Reducing Metastability in FPGA Designs

Frozen Content

Metastability – to the uninitiated, you could be forgiven for thinking this might be related to the integrity of some futuristic containment vessel, or force-field: "The metastability of the warp drive's flux triangulator and cryonic envelope is reaching critical levels Captain!".

To those of you who live and breathe digital electronics on a daily basis however, the term will likely be greeted with a mixture of disdain and respect.

This article looks to shed light on the concept of metastability in regards to digital circuits – and therefore FPGA designs – and how its 'appearance' can be greatly reduced, simply by adhering to proven design principles that mitigate its effect.

Metastability Explained

Metastability concerns the outputs of registers (or clocked flip-flops in old money) within digital devices and the potential for such outputs to enter a metastable state. FPGA devices typically utilize D-type flip-flops. Before looking at how such a state can be entered, it is a good idea to refresh ourselves with some basic key timing elements related to the operation of a register:

  • Set-up time – this is the minimum time that the input to the register must be stable, prior to the arrival of the next clock edge. Typically appears as t su in data sheets.
  • Hold time – this is the minimum time after the arrival of the clock edge, that the input to the register must continue to be in the same stable state. Typically appears as t h in data sheets.
  • Clock-to-Output Delay time – this is the amount of time, after the clock edge arrives, at which point the output of the register changes. This is also referred to as the register's 'settling time' or 'propagation delay'. Can appear in data sheets as, for example, t co, or t phl and t plh.
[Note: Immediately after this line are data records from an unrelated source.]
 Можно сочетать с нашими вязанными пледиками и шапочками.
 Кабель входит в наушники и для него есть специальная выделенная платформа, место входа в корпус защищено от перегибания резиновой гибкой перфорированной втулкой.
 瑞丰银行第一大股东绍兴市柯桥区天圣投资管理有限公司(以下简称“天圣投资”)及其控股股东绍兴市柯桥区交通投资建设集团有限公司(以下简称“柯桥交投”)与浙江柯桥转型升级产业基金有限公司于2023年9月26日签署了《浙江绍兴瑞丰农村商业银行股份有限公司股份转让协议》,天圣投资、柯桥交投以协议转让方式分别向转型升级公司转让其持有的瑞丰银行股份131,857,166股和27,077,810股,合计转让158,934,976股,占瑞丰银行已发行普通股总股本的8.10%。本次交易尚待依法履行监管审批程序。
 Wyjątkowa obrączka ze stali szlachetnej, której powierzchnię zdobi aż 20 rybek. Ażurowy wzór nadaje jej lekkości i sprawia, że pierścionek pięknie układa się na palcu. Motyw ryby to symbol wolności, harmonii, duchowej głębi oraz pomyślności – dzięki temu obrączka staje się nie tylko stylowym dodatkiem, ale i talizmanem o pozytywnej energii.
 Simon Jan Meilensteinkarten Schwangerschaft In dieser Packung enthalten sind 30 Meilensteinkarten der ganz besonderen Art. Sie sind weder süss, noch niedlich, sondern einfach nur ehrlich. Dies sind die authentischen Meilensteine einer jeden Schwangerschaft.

Whenever a signal travels between two asynchronous clock domains – digital sub-circuits within the overall design that are running on different, or unrelated clocks – there is the possibility of encountering metastability. This is also true of data transferal from an unclocked region of a design into a synchronous system – for example external (outside) signals fed into an FPGA.
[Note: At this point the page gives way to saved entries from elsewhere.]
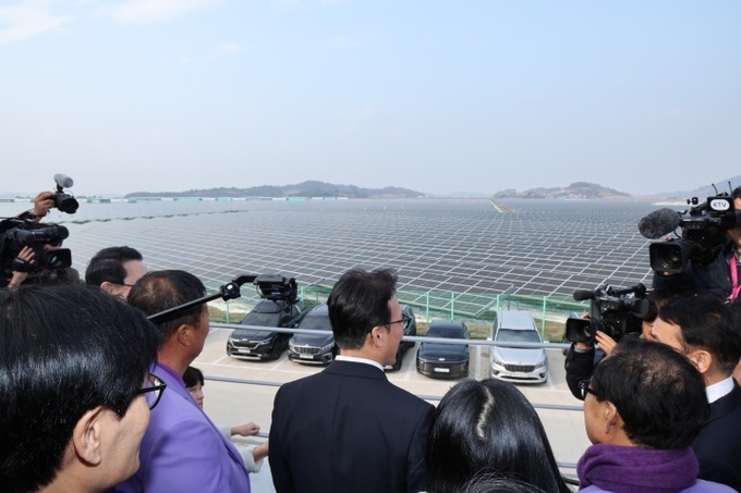 김민석 국무총리가 29일 전라남도 신안군 주민참여 태양광 현장인 안좌스마트팜앤쏠라시티를 방문, 발전 현장을 둘러보고 있다. 2025.12.29 (사진=연합뉴스)
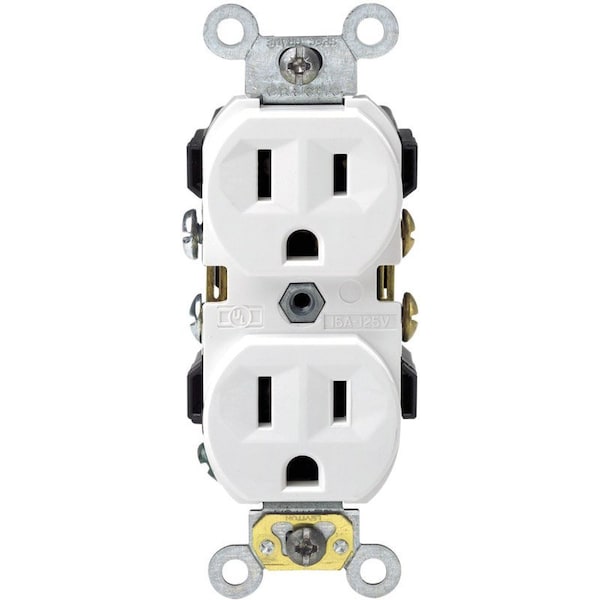 Straight Blade Receptacle, 5-15R, 15 A, 125V AC, 2 Pole, 3 Wire, Self-Grounded
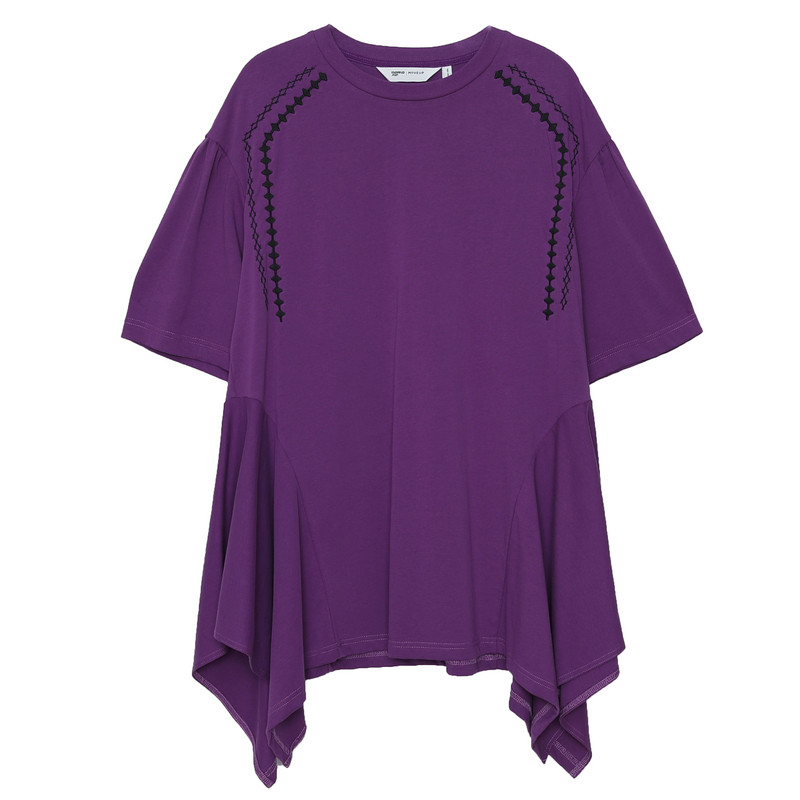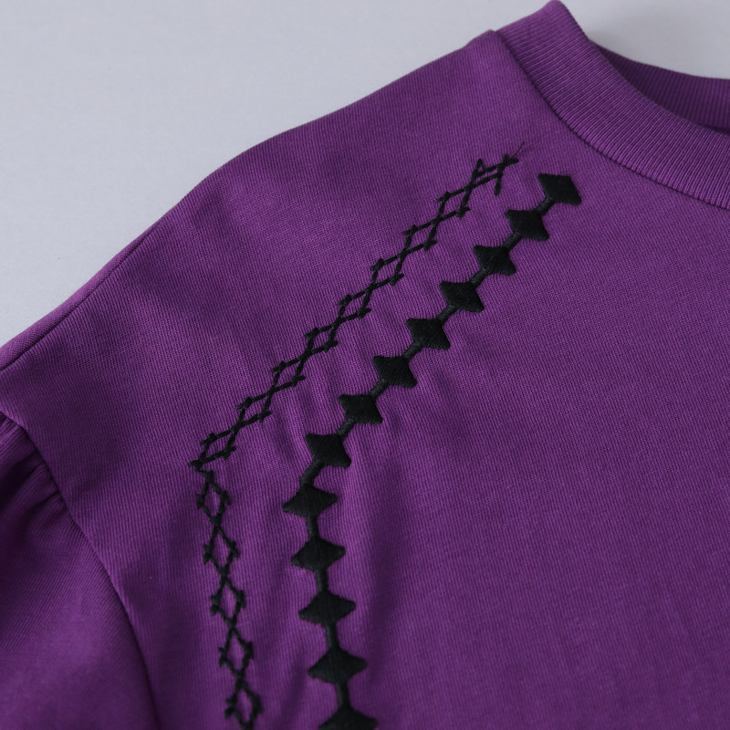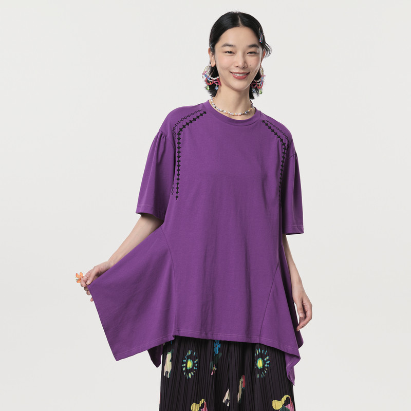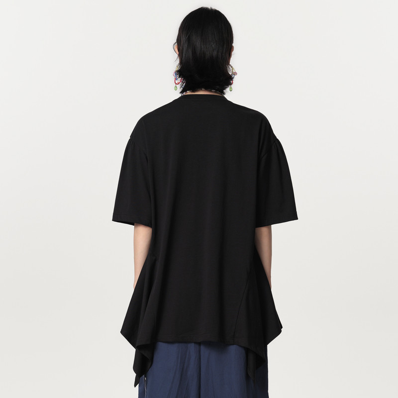 MOVEUP幻走2024春季新款.FUN系列肩部绣花设计师纯棉中长款T恤女

Examples of asynchronous signals entering a synchronous system. Top: A signal travels between different clock domains. Bottom: A signal from an unclocked system is fed into a clocked (synchronous) system.

The problem arises when a data signal from one clock domain arrives at the register logic in another clock domain. The incoming data signal from the source domain may transition at any time in comparison to the clock in the target domain – there is no synchronicity between the two domains, no knowledge of transitory speeds in the two logic sub-circuits. If the data signal transitions at a point that violates the required Set-up or Hold times for the destination register, the output of that register can enter a 'metastable state' – a state where the output signal is neither logical Low, nor logical High, but rather in the unstable area between the two.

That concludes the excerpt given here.